British fashion and lifestyle magazine

Vintage Life is a British glossy fashion and lifestyle magazine, published by Dragoon Publishing, focusing on the 1920s–1970s. It was founded in 2010 by British entrepreneur Rae Egglestone. Issue 1 was launched digitally in April 2010 and a print version started from issue 2. Since then, the magazine has developed from a bi-monthly handbag-sized 72-page magazine to a glossy 148-page monthly publication available in WH Smith and Sainsbury's. From May 2015, Vintage Life has been stocked in London's Selfridges and Harrods stores.

Vintage Life contains articles on a wide variety of vintage subjects, such as fashion and vintage clothing, hair and make-up tutorials, wellbeing issues, recipes, reviews and places and people of interest. Articles are contributed by a number of experts in their chosen field, including Green Goddess Diana Moran. The magazine also features singers, artists, films, theatre and TV with a vintage theme, including Paloma Faith, Dawn O'Porter, Imelda May, Downton Abbey, Mr Selfridge, Call The Midwife, Dita Von Teese and Caro Emerald.

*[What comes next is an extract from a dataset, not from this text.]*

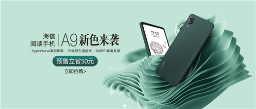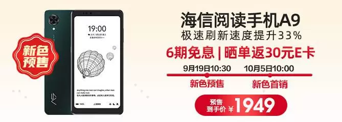 现在下单海信阅读手机A9,立省50元,6GB+128GB版本预售到手价仅需1949元,购机还有6期免息、晒单返E卡等超多福利,喜欢阅读的朋友们登陆海信手机京东自营旗舰店了解详情!
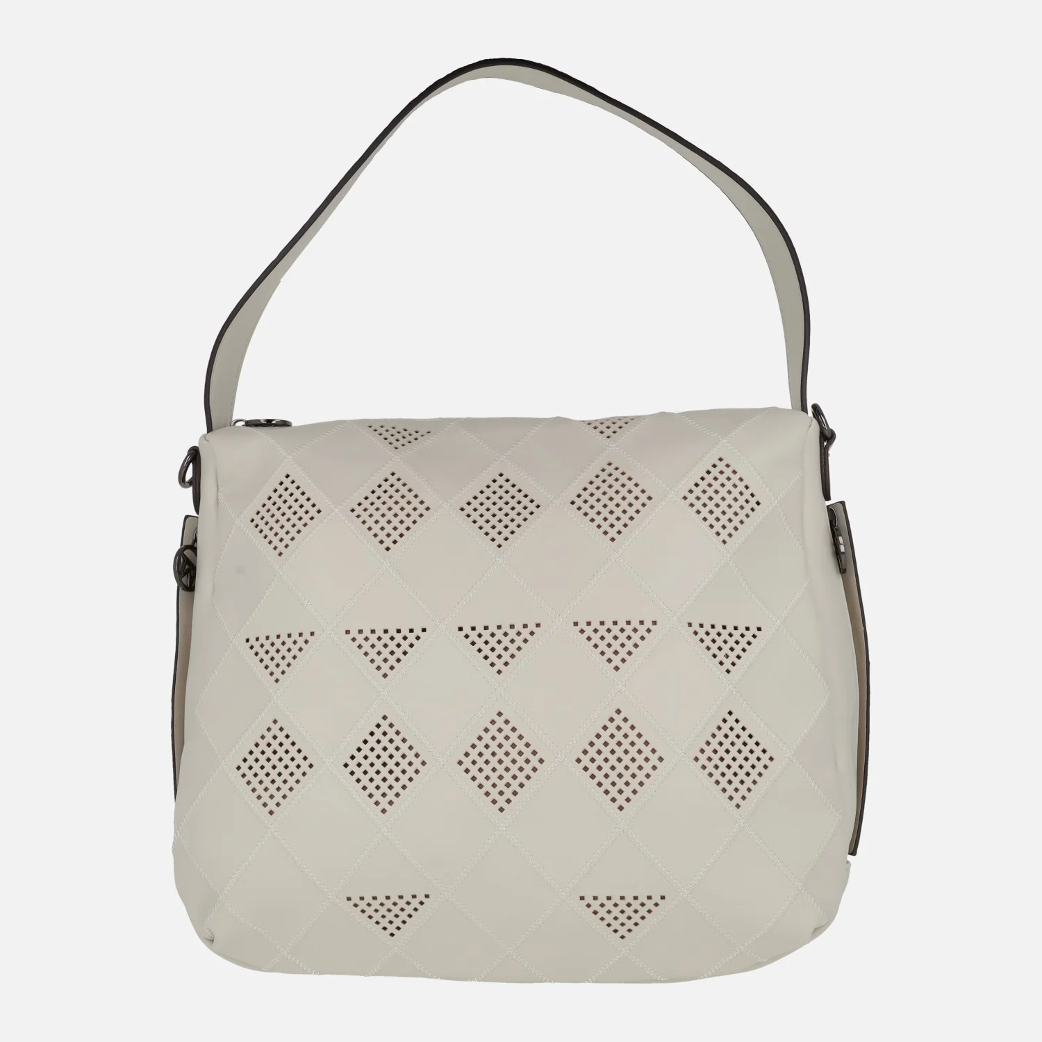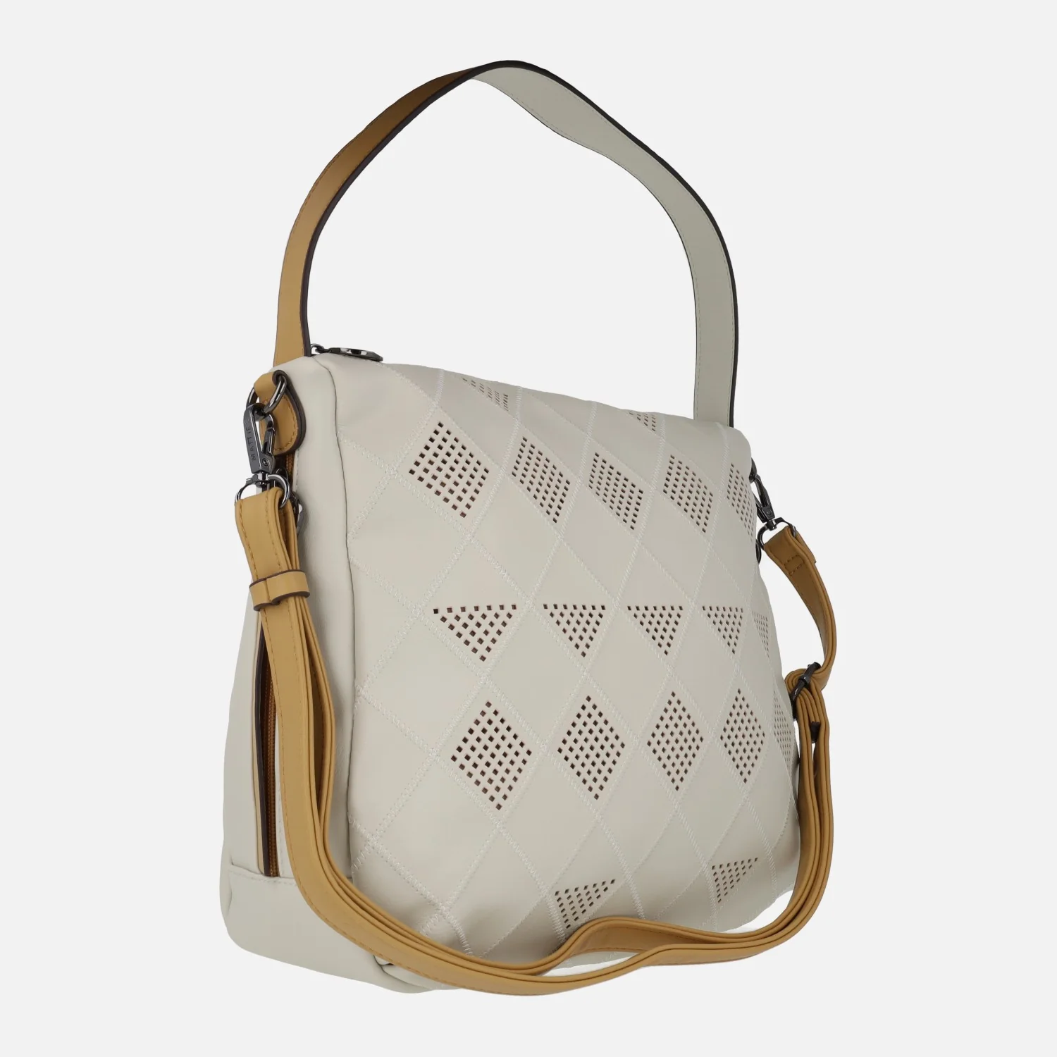 Bolsos Alhama 20847 beige de la marca Matties bags. Bolsos con frontal haciendo dibujos troquelados, elaborados en materiales sintéticos (polipiel) con acabado piel. Asa para hombro y asa bandolera ajustable. Cierre principal con cremallera. Varios bolsillos con cremallera para llevar todo organizado. Interior textil. Medidas: 28 cm de alto x 32 cm de ancho x 10 cm de fondo.

The magazine is published by Dragoon Publishing Ltd, in Cheshire and is printed and distributed by Warners Midlands PLC.

==Previous Editor==
Rae Egglestone

==Achievements and awards==
Dragoon Publishing - Winners of the Network She Business of the Year award, 2015.

Rae Egglestone - shortlisted for the Network She Business Woman of the Year award.

Rae Egglestone - shortlisted for the North West Insiders Young Professionals Awards Young Marketing and Media Professional.